Lorsque le Jeu de Paume m’a demandé de produire une œuvre pour l’exposition, j’ai repensé à ces caravanes en feu que j’avais vues lorsque je vivais à Arles avec les Roms. Ils ont, en effet, pour habitude de brûler la caravane du défunt. J’ai mis en scène ce moment, je l’ai photographié ainsi que les Gorgan en contrechamp. Ces images vont bien au-delà de la mise en scène d’un rituel qui est spécifique aux Roms. Elles interrogent le spectateur sur la nature de ce qui est représenté, tout particulièrement dans le contexte actuel d’un discours politique violent à l’égard de cette communauté. Les visages sont éclairés d’un dernier éclat mais une inquiétante obscurité s’annonce.

Parallèlement, vous exposez à la Maison rouge l’Asile des photographies, un projet réalisé avec l’historien Philippe Artières à partir des archives de l’hôpital psychiatrique de Picauville, en Normandie. Votre intention était-elle, comme vous l’aviez fait pour le camp de nomades de Saliers à la fin des années 1990, de raconter l’histoire d’un lieu ?

Plus que l’histoire d’un lieu, c’est une histoire des photographies du lieu. Nous avons, en effet, eu l’impression de découvrir un trésor iconographique qui parcourait l’ensemble des usages de la photographie (photographies de presse, de guerre, d’identité, de famille, d’architecture, cartes postales, etc.). Il constituait aussi une image de la psychiatrie différente de celle qu’on avait l’habitude de voir. Nous avons donc réalisé un montage qui parcourt l’ensemble des corpus et qui restitue l’expérience qui fut la nôtre à la découverte des images. Nous ne savions rien des photographes ni de ceux qui étaient représentés et il nous semblait important de préserver cet anonymat, de ne pas chercher à reconnaître le « fou ». Dans le travail réalisé sur le camp de Saliers, j’avais procédé de façon opposée. Il était très important d’identifier les personnes qui y avaient été internées et de savoir ce qui s’y était passé. Il s’agissait donc de réaliser une véritable enquête historique, mes photographies ayant avant tout une valeur d’identification et d’incarnation de cette histoire. Un dispositif créait un aller retour entre les images des carnets anthropométriques de la guerre et les portraits de ces mêmes personnes que j’avais photographiées cinquante-cinq ans après leur internement. Pour dire que cette histoire avait eu lieu, il fallait en connaître les faits et reconnaître ceux qui en avaient été les victimes.
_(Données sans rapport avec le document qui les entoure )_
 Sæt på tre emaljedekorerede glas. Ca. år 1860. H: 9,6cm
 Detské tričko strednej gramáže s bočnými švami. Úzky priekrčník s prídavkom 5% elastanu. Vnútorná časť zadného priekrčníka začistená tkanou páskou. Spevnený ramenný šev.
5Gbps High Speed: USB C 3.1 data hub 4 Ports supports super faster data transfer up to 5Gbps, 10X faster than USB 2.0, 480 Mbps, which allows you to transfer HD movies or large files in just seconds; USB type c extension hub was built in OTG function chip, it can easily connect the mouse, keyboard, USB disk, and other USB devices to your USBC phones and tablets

Vous présentez aussi une installation, le Dortoir des agités, composée de lits et de matelas. C’est une façon de sortir de la photographie ?
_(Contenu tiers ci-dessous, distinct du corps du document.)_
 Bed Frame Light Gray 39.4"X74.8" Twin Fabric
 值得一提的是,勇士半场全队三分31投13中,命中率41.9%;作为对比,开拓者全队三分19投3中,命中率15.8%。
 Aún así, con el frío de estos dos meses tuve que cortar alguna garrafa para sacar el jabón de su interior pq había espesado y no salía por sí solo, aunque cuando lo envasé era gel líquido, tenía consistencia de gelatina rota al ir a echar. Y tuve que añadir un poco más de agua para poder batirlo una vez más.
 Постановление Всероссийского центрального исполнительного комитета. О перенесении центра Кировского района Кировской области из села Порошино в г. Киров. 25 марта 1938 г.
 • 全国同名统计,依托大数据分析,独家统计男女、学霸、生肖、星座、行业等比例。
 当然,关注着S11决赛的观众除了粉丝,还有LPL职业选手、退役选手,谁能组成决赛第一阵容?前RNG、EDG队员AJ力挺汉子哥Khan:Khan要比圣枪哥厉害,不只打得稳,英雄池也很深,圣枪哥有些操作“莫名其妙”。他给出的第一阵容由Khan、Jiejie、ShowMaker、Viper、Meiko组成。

Le Dortoir des agités est une installation qui revisite des archives photographiques : des images prises dans des asiles italiens et, surtout, celles réalisées à la Salpêtrière sous l’autorité du professeur Charcot qui avait fait de l’hystérie un sujet d’étude autant qu’un objet de représentation. Les images des patients en crise constituaient pour moi une image fantôme de la psychiatrie, absente des archives de Picauville, que j’ai voulu faire revenir en reconstituant un dortoir. Les matelas, attachés aux sommiers par des cordes, convulsent dans des formes identiques à ceux des patients photographiés. C’est une façon de sortir de la photographie pour y revenir dans une forme différente.